• _Provided records_:
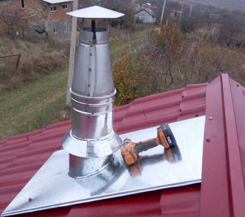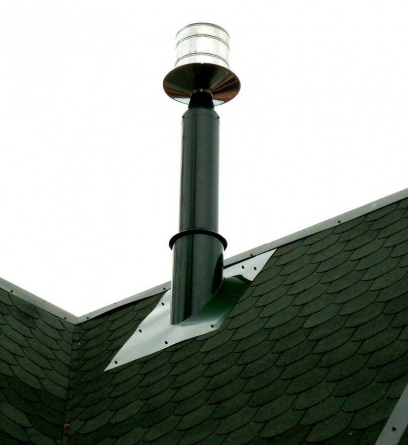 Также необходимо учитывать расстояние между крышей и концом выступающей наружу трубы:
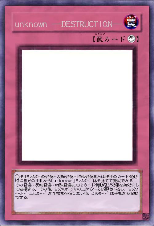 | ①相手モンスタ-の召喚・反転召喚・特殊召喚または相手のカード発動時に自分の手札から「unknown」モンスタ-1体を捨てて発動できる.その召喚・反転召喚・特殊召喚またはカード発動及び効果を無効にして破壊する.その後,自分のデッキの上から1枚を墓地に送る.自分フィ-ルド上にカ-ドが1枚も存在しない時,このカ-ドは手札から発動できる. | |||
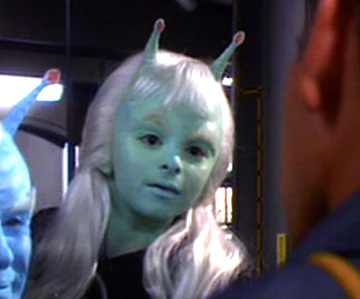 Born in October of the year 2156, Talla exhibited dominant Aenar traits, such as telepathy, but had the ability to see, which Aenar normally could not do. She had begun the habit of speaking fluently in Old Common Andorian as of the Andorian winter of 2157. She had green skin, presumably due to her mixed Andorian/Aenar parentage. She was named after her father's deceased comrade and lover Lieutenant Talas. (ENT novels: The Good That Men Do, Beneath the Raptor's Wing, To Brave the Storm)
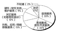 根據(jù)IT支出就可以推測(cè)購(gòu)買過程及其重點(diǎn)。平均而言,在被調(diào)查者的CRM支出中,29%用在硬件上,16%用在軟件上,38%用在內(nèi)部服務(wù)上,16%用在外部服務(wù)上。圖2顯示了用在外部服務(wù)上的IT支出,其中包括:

==

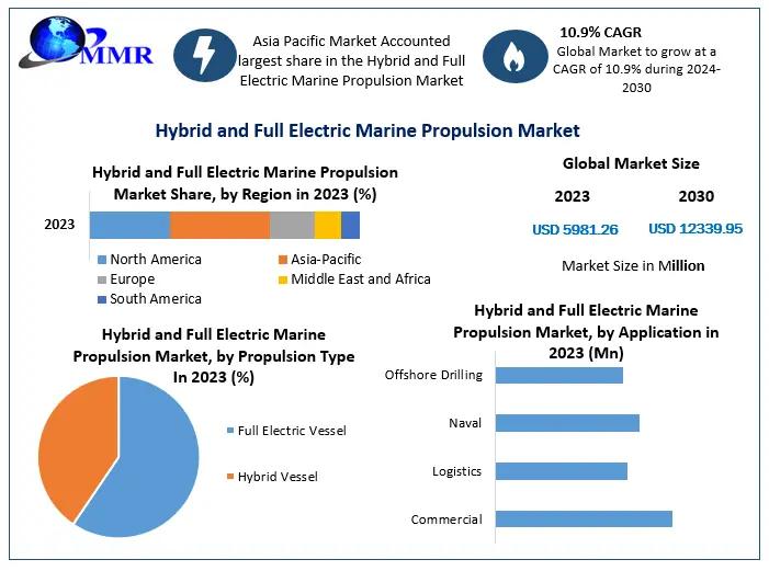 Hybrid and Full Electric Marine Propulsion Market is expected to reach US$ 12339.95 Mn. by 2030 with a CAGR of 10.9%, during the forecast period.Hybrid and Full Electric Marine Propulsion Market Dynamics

• _Prompt_: What you write must match the listing exactly, from the line with "Также необходимо учитывать" up to and including the line with "根據(jù)IT支出就可以推". Pictures stay out.

• _Reply_:
 Также необходимо учитывать расстояние между крышей и концом выступающей наружу трубы:
 | ①相手モンスタ-の召喚・反転召喚・特殊召喚または相手のカード発動時に自分の手札から「unknown」モンスタ-1体を捨てて発動できる.その召喚・反転召喚・特殊召喚またはカード発動及び効果を無効にして破壊する.その後,自分のデッキの上から1枚を墓地に送る.自分フィ-ルド上にカ-ドが1枚も存在しない時,このカ-ドは手札から発動できる. | |||
 Born in October of the year 2156, Talla exhibited dominant Aenar traits, such as telepathy, but had the ability to see, which Aenar normally could not do. She had begun the habit of speaking fluently in Old Common Andorian as of the Andorian winter of 2157. She had green skin, presumably due to her mixed Andorian/Aenar parentage. She was named after her father's deceased comrade and lover Lieutenant Talas. (ENT novels: The Good That Men Do, Beneath the Raptor's Wing, To Brave the Storm)
 根據(jù)IT支出就可以推測(cè)購(gòu)買過程及其重點(diǎn)。平均而言,在被調(diào)查者的CRM支出中,29%用在硬件上,16%用在軟件上,38%用在內(nèi)部服務(wù)上,16%用在外部服務(wù)上。圖2顯示了用在外部服務(wù)上的IT支出,其中包括:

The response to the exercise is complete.